[DIRECTIONS]
Only the lines from the beginning of the listing below through the line with "dispatching between them." belong in the answer; please print them exactly and drop the pictures.

[DATASET SECTION]
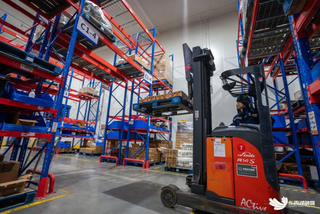 叉车司机正在冷库内调配货物。
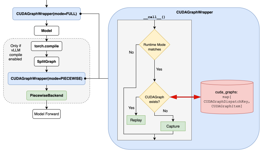 • CudagraphDispatcher: the central controller that contains the single source of truth about CUDA Graphs and handles dispatching between them.
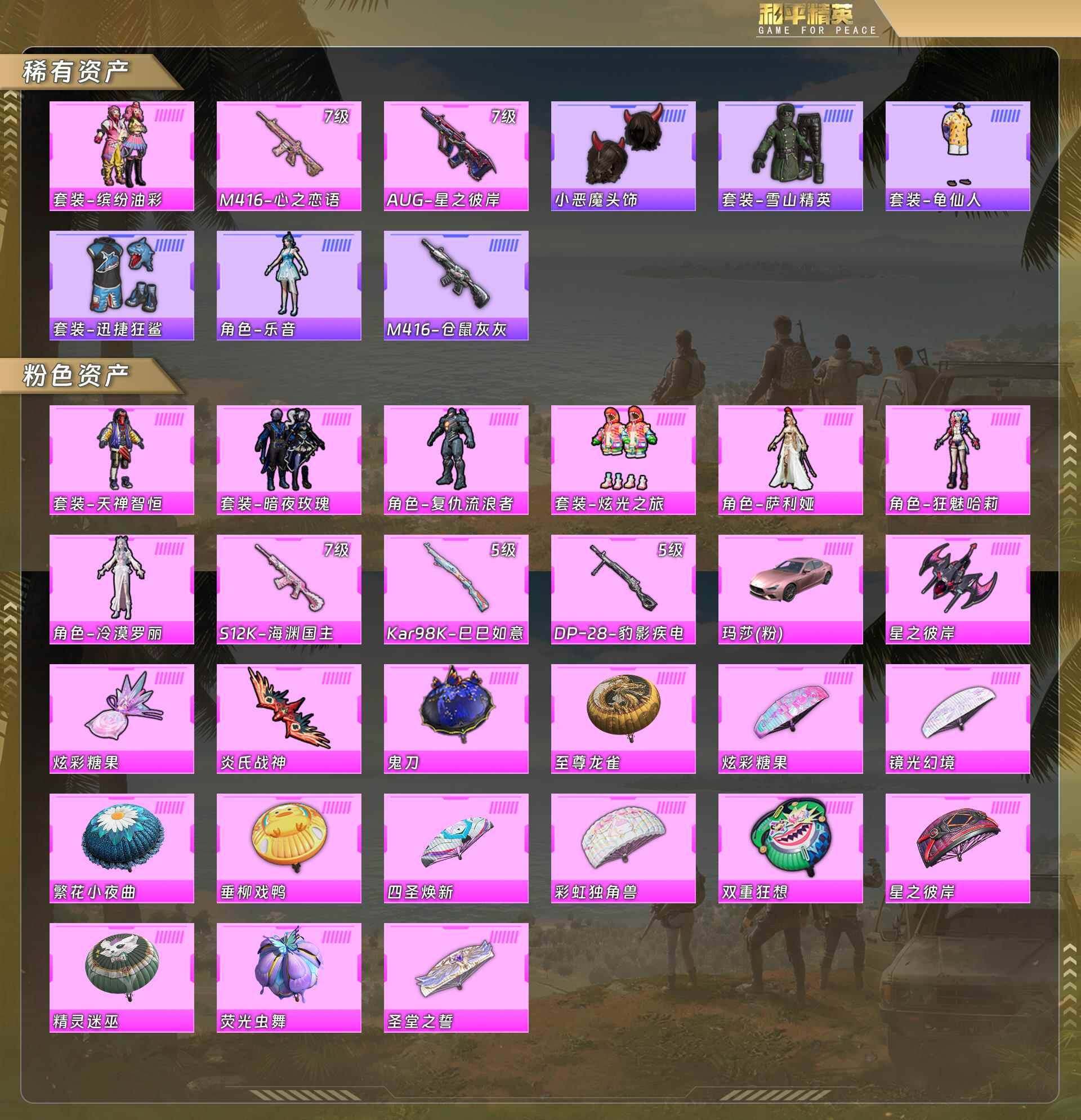 素材号/地铁满天赋/猪妹/小恶魔头饰/雪山精英/狂鲨/天神智恒/暗夜玫瑰/复仇流浪者/炫光之旅/萨莉亚/狂魅哈莉/冷漠罗丽/m4心之恋语7级/aug星之彼岸7级/m4仓鼠灰灰/s12k海渊国主7级/98k如意/dp28豹影疾电/粉玛莎 没战神框(8粉装-5粉呛-1载具)hp5253-3粉色飞行器-80777热力值-9王牌印记-180套装-254呛皮 【热门品类】:粉装-缤纷油彩,套装-龟仙人 【粉色套装】:粉装-缤纷油彩,粉装-天禅智恒,粉装-暗夜玫瑰,角色-复仇流浪者,粉装-炫光之旅,角色-萨利娅,角色-狂魅哈莉,角色-冷漠罗丽 【粉色呛皮等级】:m416-心之恋语七级,aug-星之彼岸七级,kar98k-巳巳如意五级,s12k-海渊国主七级,dp-28-豹影疾电五级 【粉色载具】:玛莎拉蒂ghibli(粉) 【粉色呛皮】:m416-心之恋语,aug-星之彼岸,kar98k-巳巳如意,s12k-海渊国主,dp-28-豹影疾电 【粉色飞行器】:星之彼岸飞行器 【粉色降落伞】:至尊龙雀降落伞,精灵迷巫降落伞,繁花小夜曲降落伞,四圣焕新降落伞,荧光虫舞降落伞,星之彼岸降落伞,垂柳戏鸭降落伞,镜光幻境降落伞,圣堂之誓降落伞,鬼刀降落伞,彩虹独角兽降落伞,双重狂想降落伞,炫彩糖果降落伞 【稀有套装】:套装-龟仙人,套装-巳巳如意,套装-雪国风尚,套装-雏菊兔兔,套装-萝兰蝴蝶,角色-狂花道·雅典娜,套装-燕燕于飞,套装-鱼渊荷华,角色-风玲,套装-粉恋花,套装-紫幽梦,套装-蓝冰羽,角色-猎影月神,套装-星影赞美诗,套装-彩虹兔,套装-云朵鹅,套装-雪绒豹,套装-诡诞巡游,角色-乐音,套装-蓝海鲸歌,套装-朱霞炽焰,套装-凌霄紫焰,套装-擎苍青焰 【稀有呛皮】:akm-冰凉西瓜,akm-星之彼岸,akm-环太平洋,akm-破晓战魂,akm-霓虹街区,akm-龙的传人,m16a4-机械英豪,m16a4-红色方程式,m16a4-千金淑猫,scar-l-玉兔迎春,scar-l-繁花小夜曲,m416-仓鼠灰灰,m416-糯团青竹,m416-绯红前夜,groza-懵萌河马,groza-治愈之星,groza-田园牧歌,groza-黑色刀锋,aug-天降萌叽,aug-终结者,aug-耀粉歌者,q-原初圣火,q-未来歌姬,q-诡娃娃,m762-快乐主宰,m762-拳皇97,m762-牛气冲天,m762-瑞龙福将,m762-第五大道,m762-绯红前夜,m762-诡娃娃,m762-镭射皇者,m762-云朵鹅,mk47-粉色回忆,g36c-懵萌河马,g36c-荒野猎神,g36c-星穹咏叹调,ac-val-天降萌叽,ac-val-快闪甜心,蜜獾-垂柳戏鸭,蜜獾-天降萌叽,蜜獾-娇憨猪猪,arx-凌霄紫焰,uzi-天降萌叽,uzi-娇憨猪猪,uzi-炫彩节奏,uzi-红色方程式,ump45-天启纪元,ump45-诡娃娃,vect-彩虹符号,vect-暗夜玫瑰,vect-治愈之星,vect-生命誓言,vect-田园牧歌,vect-黑色刀锋,汤姆逊-环太平洋,汤姆逊-耀粉歌者,野牛-机械英豪,aks-74u-鬼刀,js9-凌霄紫焰,p90-快闪甜心,p90-金蛇镇世,kar98k-彩虹符号,kar98k-炫彩节奏,kar98k-狮舞迎春,m24-治愈之星,m24-冰封烈焰,awm-不夜海上花,sks-夜灯,sks-糯团青竹,sks-诡娃娃,sks-迅猛狂鲨,vss-星之彼岸,vss-田园牧歌,vss-镭射皇者,vss-黑色刀锋,mini14-原初圣火,mini14-梦幻火箭,mini14-涂山之恋,mini14-炫彩节奏,mini14-穿刺龙虾,mini14-银河战甲,mini14-阿狸红,mk14-治愈之星,win94-机械英豪,win94-瑞龙福将,slr-四圣焕新,slr-娇憨猪猪,莫辛纳甘-懵萌河马,amr-鬼刀,m417-惊鸿侠骨,mk20-h-快闪甜心,m200-惊鸿侠骨,m200-爆裂游戏,svd-云朵鹅,svd-冷漠罗丽,s686-冰封烈焰,s686-生命誓言,s1897-勇闯险境,s1897-炫彩节奏,s1897-镭射皇者,s1897-荧海星豚,s12k-玩趣呆呆,s12k-瑞龙福将,s12k-夏日绵绵冰,s12k-娇憨猪猪,s12k-机械英豪,dbs-彩虹符号,dbs-月下星之子,spas-12-田园牧歌,spas-12-云朵鹅,m249-四圣焕新,m249-彩虹符号,m249-拳皇97,m249-星之彼岸,m249-糯团青竹,m249-莲影清波,m249-镭射皇者,dp-28-原初圣火,dp-28-未来战士,dp-28-甜心宝贝,mg3-惊鸿侠骨,mg3-瑞龙福将,mg3-萝萝小趴兔,pkm-懵萌河马,mg-36-凌霄紫焰,p92-拳皇97,p92-凌霄紫焰,p1911-冰封烈焰,p18c-原初圣火,短管霰弹-星穹咏叹调,沙墨之鹦-快闪甜心,沙墨之鹦-云朵鹅,爆炸猎弓-天星战神,爆炸猎弓-惊鸿侠骨,大砍刀-粉色回忆,大砍刀-云朵鹅,大砍刀-鬼刀,撬棍-双重狂想,平底锅-凌霄紫焰,燃烧瓶-甜梦桃焰,破片手留单-巳巳如意 【其他套装】:套装-ss5特训,套装-ss6特训,套装-ss7特训,套装-ss8特训,套装-ss11特训,套装-ss12特训,套装-ss13特训,套装-ss14特训,套装-ss16特训,套装-ss17特训,套装-ss18特训,套装-ss19特训,套装-ss20特训,套装-ss21特训,套装-ss22特训,套装-ss23特训,套装-ss24特训,套装-ss25特训,套装-ss26特训,套装-ss27特训,套装-ss28特训,套装-ss29特训,套装-丛林猎人,套装-传奇侦探,套装-光之冒险,套装-北国孤狼,套装-夏日音浪,套装-好奇恐龙,套装-幻世战舞者,套装-幻影武者,套装-怒火燎原,套装-拳皇97草薙京,套装-旭日情侣,套装-春日漫步,套装-暗金炫舞,套装-格斗专家,套装-格斗先锋,套装-沙漠兵团,套装-滨海厨神,套装-炽焰拳师,套装-爱崽白熊,套装-牛气冲天,套装-牛气满满,套装-特战装甲,套装-特殊使命,套装-玉兔迎春,套装-王牌教练,套装-甜蜜告白,套装-甜蜜熊情侣,套装-疯狂小兔子,套装-破蛋小黄鸡,套装-神秘领域,套装-福星高照,套装-空岛之星,套装-竞技勇士朋克,套装-竞技名士,套装-绯格组合,套装-缤纷果语,套装-荣耀,套装-萌黄之夏,套装-蓝色运动,套装-街头潮人,套装-跃动心情,套装-都市漫游者,套装-酒红色名流,套装-金鼠迎春,套装-长空猛禽,套装-霓虹街区,套装-青春校园,套装-青涩时光,套装-青玉碎影,套装-飞行日记,套装-魅力单车,套装-黄色名流,套装-黄色格斗者,套装-黑色伏地魔,套装-龟仙人,套装-极地朋克,套装-街舞达人,套装-迅捷狂鲨,套装-冰川特警,套装-旷
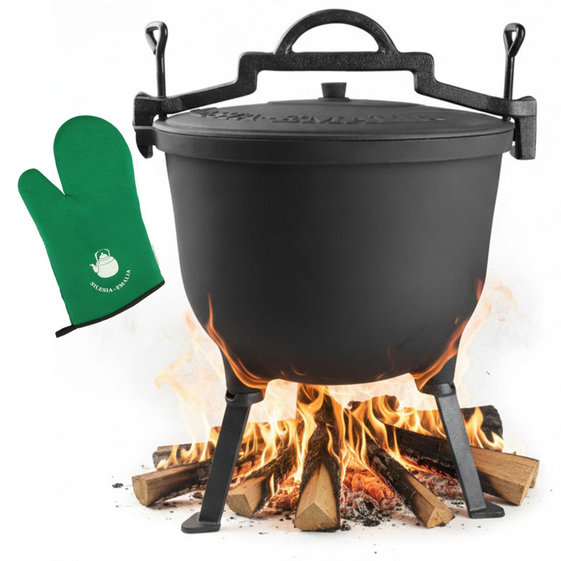 Kociołek żeliwny emaliowany 10L garnek myśliwski węgierski RĘKAWICA

[REPLY]
 叉车司机正在冷库内调配货物。
 • CudagraphDispatcher: the central controller that contains the single source of truth about CUDA Graphs and handles dispatching between them.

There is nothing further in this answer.